Katastrofa kolejowa w Grecji. Policja aresztowała zawiadowcę stacji z miasta Larissa
„W Grecji, w 2023 roku nie może dochodzić do takich sytuacji, że dwa pociągi jadą w przeciwnych kierunkach na tych samych torach i nikt tego nie zauważa. Nie możemy, nie chcemy i nie powinniśmy ukrywać się za błędami ludzkimi”
– napisał w mediach społecznościowych szef greckiego rządu.
Kyriakos Micotakis wezwał też do powołania komisji parlamentarnej, która zbada zdarzenia kolejowe w ostatnich dwudziestu latach.
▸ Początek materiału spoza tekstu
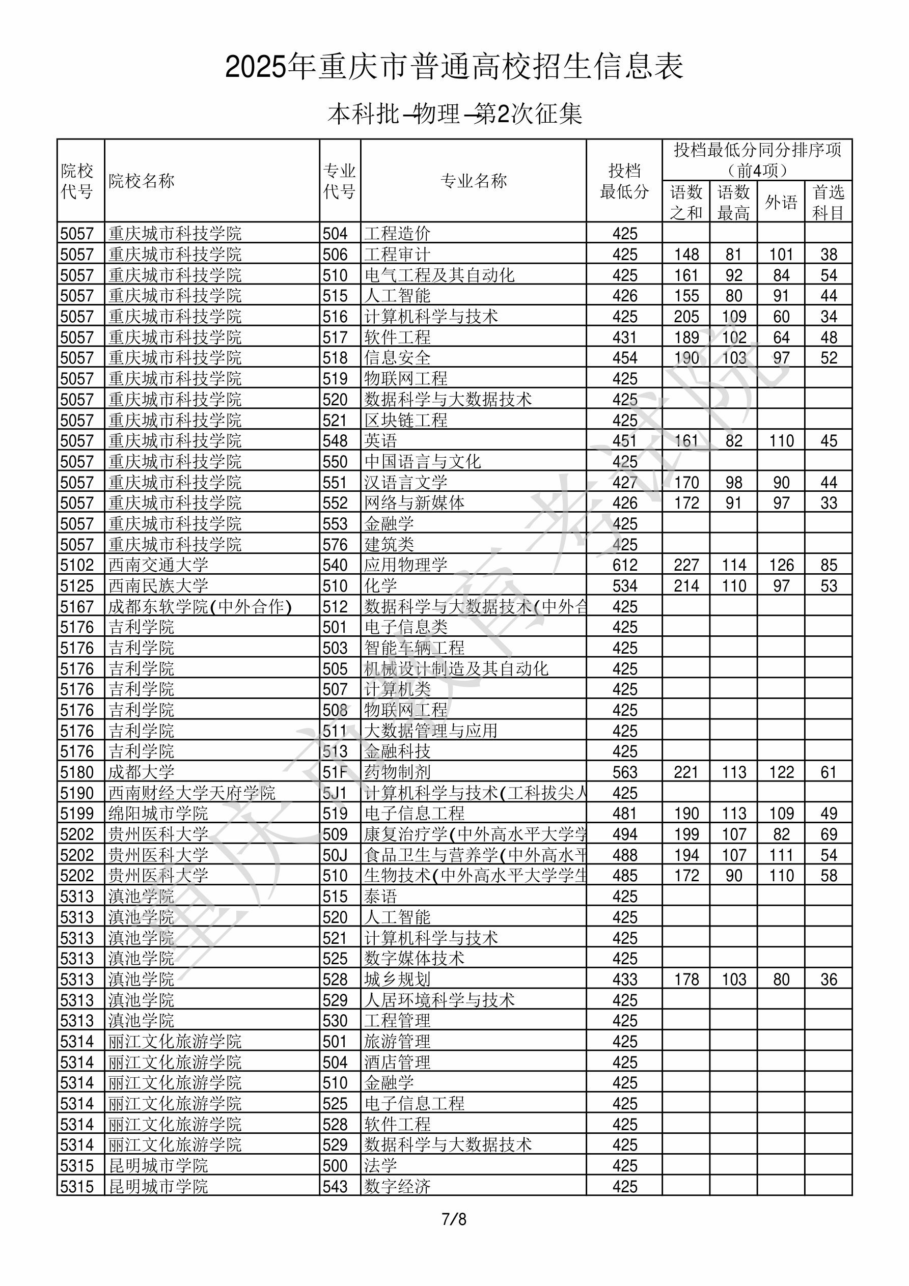 2025年重庆高考普通类本科批 西南民族大学 的 化学 专业录取分数溯源信息
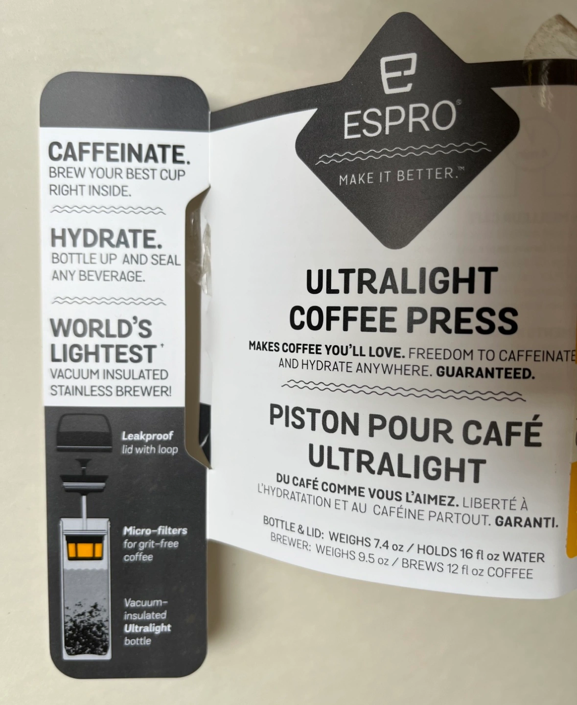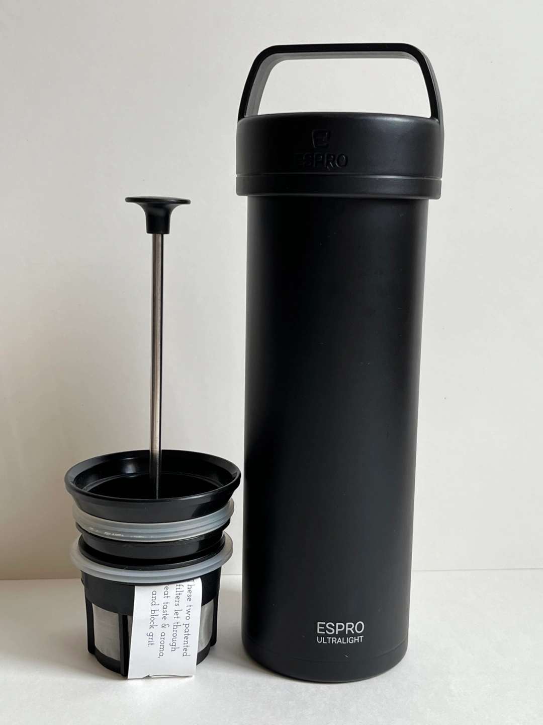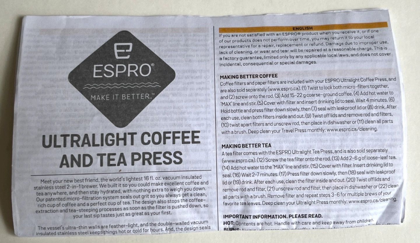 Vacuum insulated stainless steel. Double-walled vacuum keeps drinks hot or cold. Patented micro-filtration system. Includes filters. Weighs 7.4oz. Holds 16 oz. capacity. In very good condition. If ad is up, the item is available.

„To, co nie było zrobione przez tyle lat, trzeba zrobić teraz i to szybko”
– dodał premier Grecji.
W kilka godzin po zderzeniu pociągów policja aresztowała zawiadowcę jednej ze stacji. 59-letni mężczyzna jest podejrzany o zaniedbanie, które miało doprowadzić do katastrofy. Zawiadowca utrzymuje, że doszło do niej na skutek awarii technicznej.
W następstwie katastrofy w Grecji doszło do protestów. Według demonstrantów, do tragedii doprowadziły wieloletnie zaniedbania, na które od dawna zwracali uwagę pracownicy kolei.